**DATA PROVIDED**:
++++++++++++++++++++
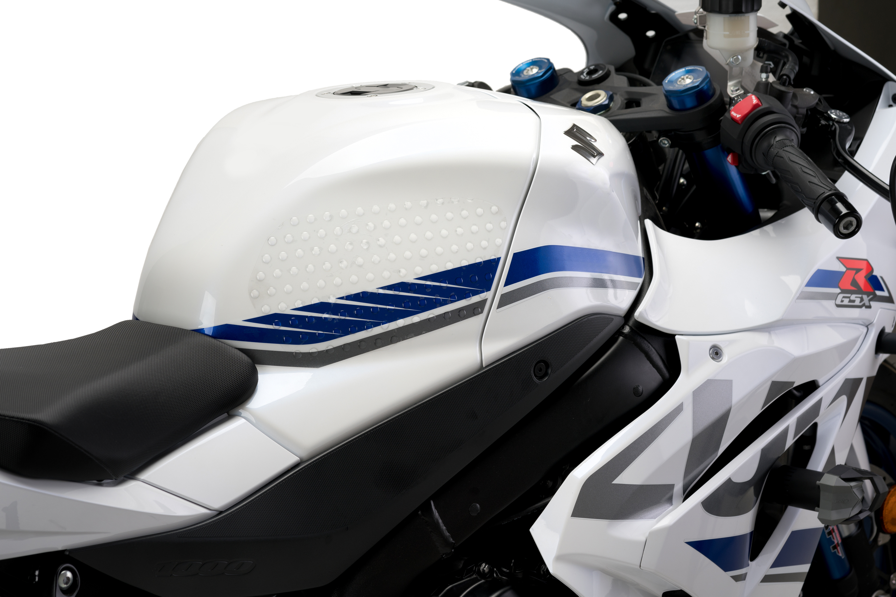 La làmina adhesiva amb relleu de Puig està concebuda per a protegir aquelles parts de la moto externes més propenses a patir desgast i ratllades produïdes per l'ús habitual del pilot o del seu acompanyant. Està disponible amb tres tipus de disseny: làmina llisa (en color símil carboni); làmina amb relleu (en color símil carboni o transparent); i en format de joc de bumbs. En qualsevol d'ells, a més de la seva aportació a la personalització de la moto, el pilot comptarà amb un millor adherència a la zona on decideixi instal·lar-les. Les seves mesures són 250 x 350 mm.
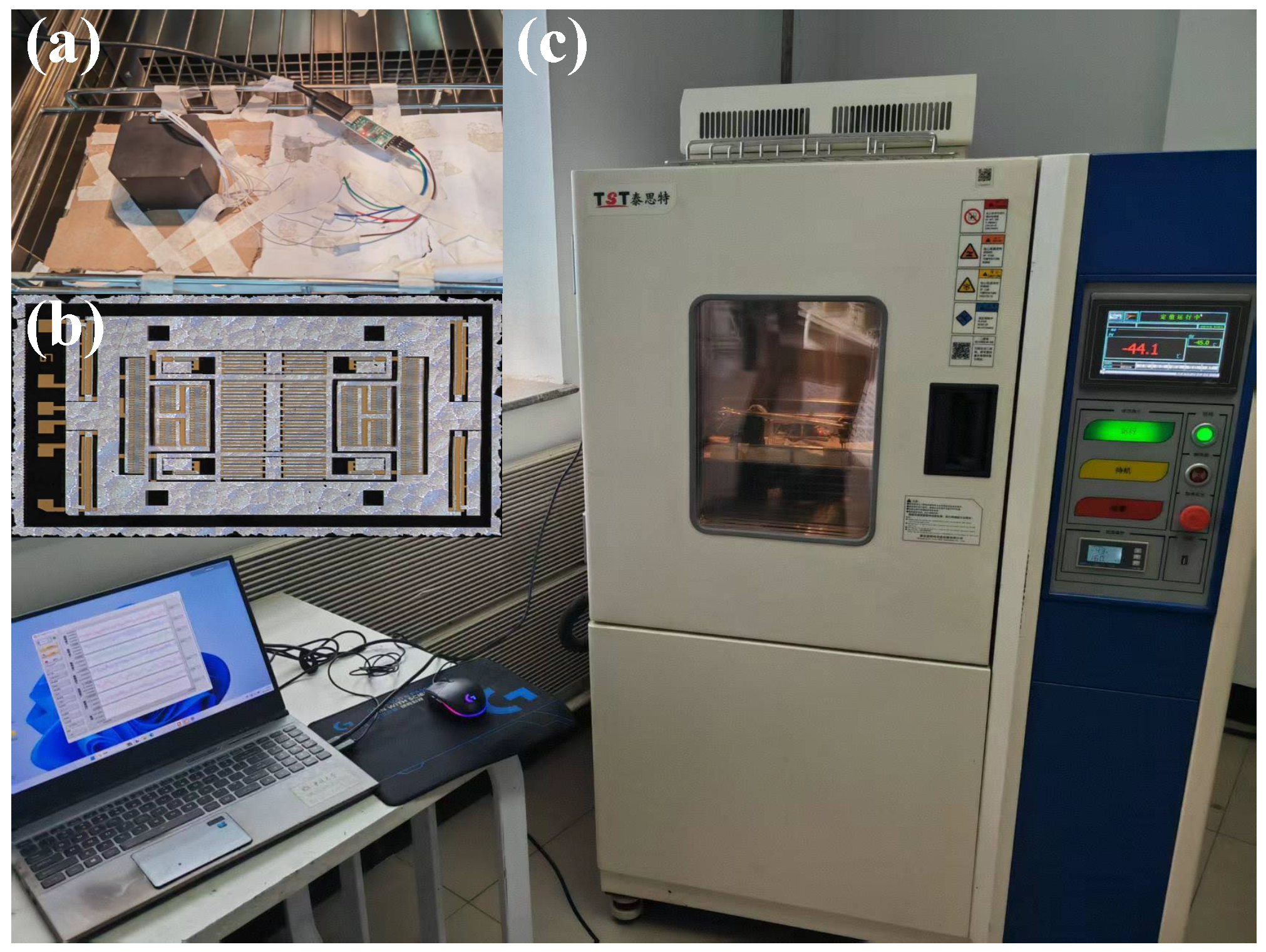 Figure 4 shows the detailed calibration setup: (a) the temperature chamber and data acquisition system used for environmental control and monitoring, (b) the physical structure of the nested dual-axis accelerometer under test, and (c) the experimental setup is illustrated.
++++++++++++++++++++
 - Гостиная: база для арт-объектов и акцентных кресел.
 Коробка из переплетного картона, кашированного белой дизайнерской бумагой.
++++++++++++++++++++
**WHAT THE EXERCISE ASKS**:
Beginning at the line above that contains "La làmina adhesiva" and going on through the line that contains "Figure 4 shows", please copy every line exactly, leaving the pictures out and adding nothing.

**REPLY**:
 La làmina adhesiva amb relleu de Puig està concebuda per a protegir aquelles parts de la moto externes més propenses a patir desgast i ratllades produïdes per l'ús habitual del pilot o del seu acompanyant. Està disponible amb tres tipus de disseny: làmina llisa (en color símil carboni); làmina amb relleu (en color símil carboni o transparent); i en format de joc de bumbs. En qualsevol d'ells, a més de la seva aportació a la personalització de la moto, el pilot comptarà amb un millor adherència a la zona on decideixi instal·lar-les. Les seves mesures són 250 x 350 mm.
 Figure 4 shows the detailed calibration setup: (a) the temperature chamber and data acquisition system used for environmental control and monitoring, (b) the physical structure of the nested dual-axis accelerometer under test, and (c) the experimental setup is illustrated.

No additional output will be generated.